Returning Each Nail to True

The Letters #155

Rainy weekends, I would find him in the workshop,
happy with his hammer and his tobacco can, working
against time to set things right, the only way left to him.

-A Straightener of Nails | Glen Sorestad

It’s been a good while, friends. I’ve spent most of it, at least since mid-March, volunteering as part of Ontario’s vaccine rollout, first on my own and then merged with Vaccine Hunters Canada. As part of this team of truly astonishingly fantastic people, I’ve dedicated hours of nearly every day to answering questions, updating eligibility information, and offering guidance to help people access appointments and drop-in clinics across Ontario.

Late one night, about two weeks ago, one of the group contributors suggested a couple of the clinics we were promoting might benefit from a translation targeted to its local community. Within a day, we had done translations for almost all of the pop-up clinics that followed, and we’ve since released tweets and resources in over 20 languages. Some of the translations were professional, but most of them were done or proofread by the team’s parents, aunts and uncles, grandparents, friends, and other members of the community who might not have thought of themselves as able to participate in what we’re doing.
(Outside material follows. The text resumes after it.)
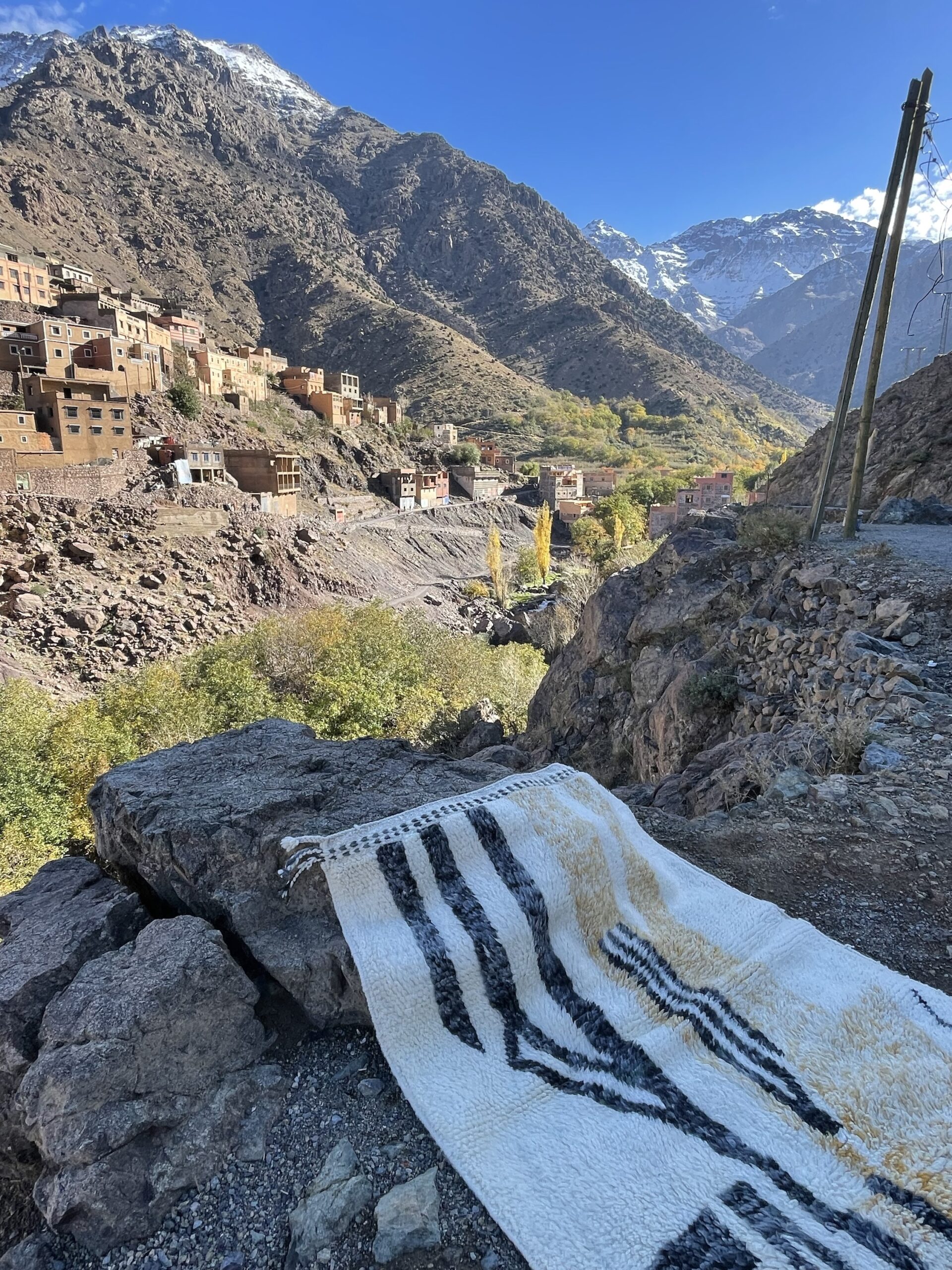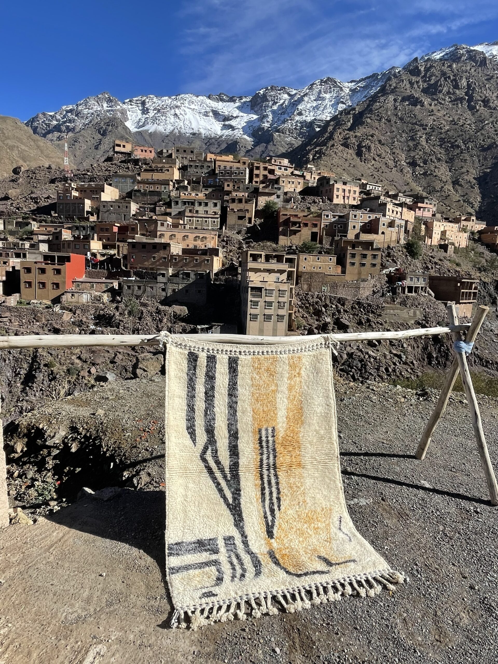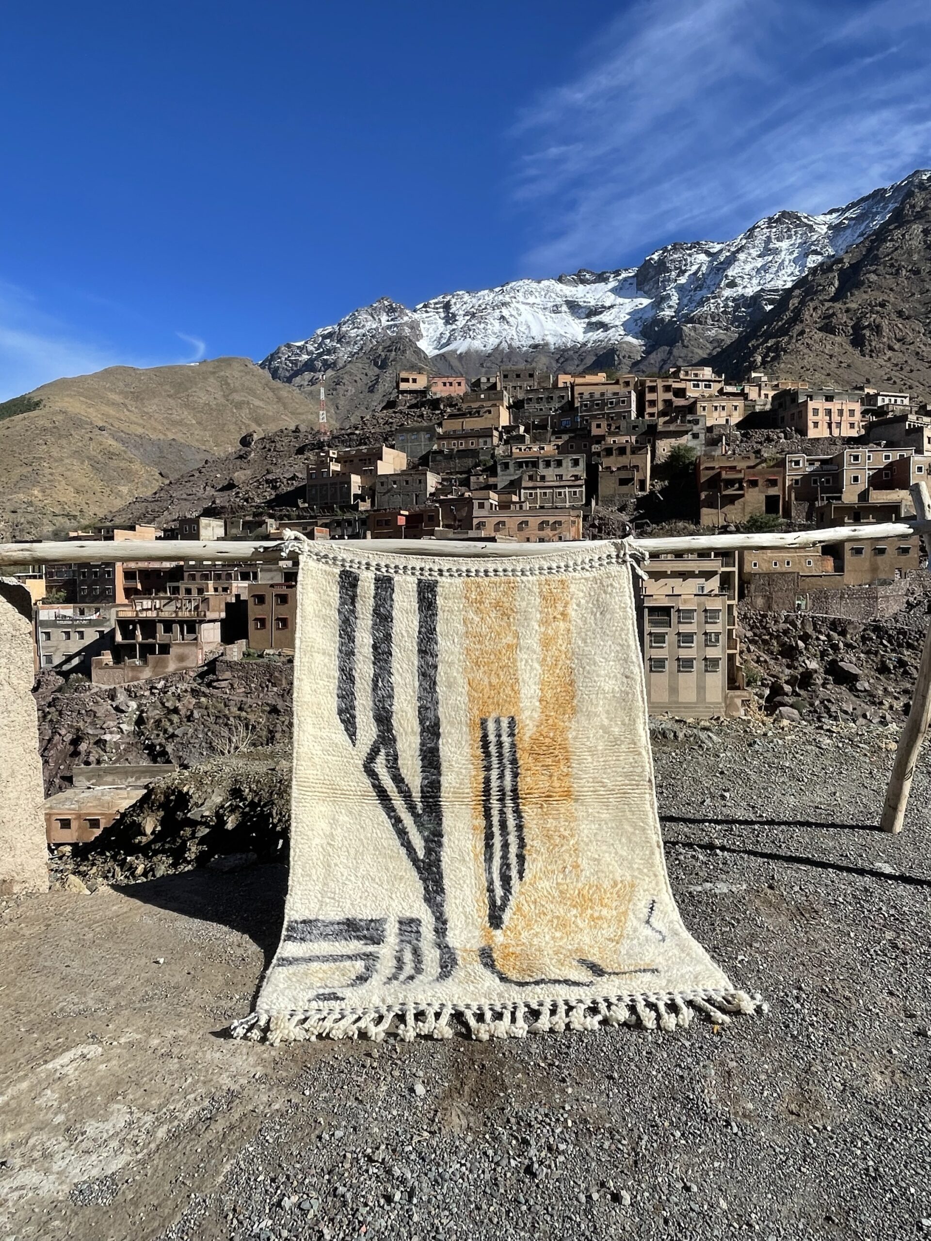Handmade by Amazigh women in the Atlas Mountains, this rug reflects centuries of weaving tradition blended with a contemporary look.

It’s been a truly empowering, beautiful thing to be part of, and while it’s also often exhausting and frustrating, it feels so good to be doing something. We’ve met virtually with Justin Trudeau, been highlighted in sportscast and media, and are officially partnered with the City of Toronto. It’s been a truly magnificent example of how eager people are to connect with their communities, and just how much they’ll do given half a chance.

On a personal level, the past two months have pretty much been vaccines and parenting and not a whole lot else, if I’m being honest. Beans and I have been to the beach a couple of times, enjoying outdoor activities where it’s easy to be ten feet away from anybody else. G and I and about half of all Ontarians have a dose of vaccine (although our second doses and peak immunity are still months away, a situation I find both totally correct from a social pandemic perspective and also individually stressful). I know I won’t start to really feel better until Beans has been vaccinated and we see what large-scale vaccination means to the variants of concern and I know a lot more about how people are behaving in the transition out. I remain extremely anxious about things like travel, knowing we might be exposing ourselves or others to variants they might not otherwise encounter, and am going to at least really, really, really want to ask people to show their vaccine cards before I’m ready to gather indoors with them. I’m genuinely not sure I’ll be able to fend of fight-or-flight panic attacks if I don’t, at least for a while. I am incredibly anxious about navigating situations with people who’ve refused vaccines, and about my own re-entry given my history with PTSD. It’s going to be a hard year or two, I think.

So yeah, it’s slow going. It’s going to take time, and there’s going to be disagreements about what activities and gatherings are appropriate at which times. But we’ve started on our slow trek back out of the dark, and as frustrating as it’s been, I’ve also been privy to an amazing reminder of how genuinely powerful we all are.

I want to be famous to shuffling men
who smile while crossing streets,
sticky children in grocery lines,
famous as the one who smiled back.

I want to be famous in the way a pulley is famous,
or a buttonhole, not because it did anything spectacular,
but because it never forgot what it could do.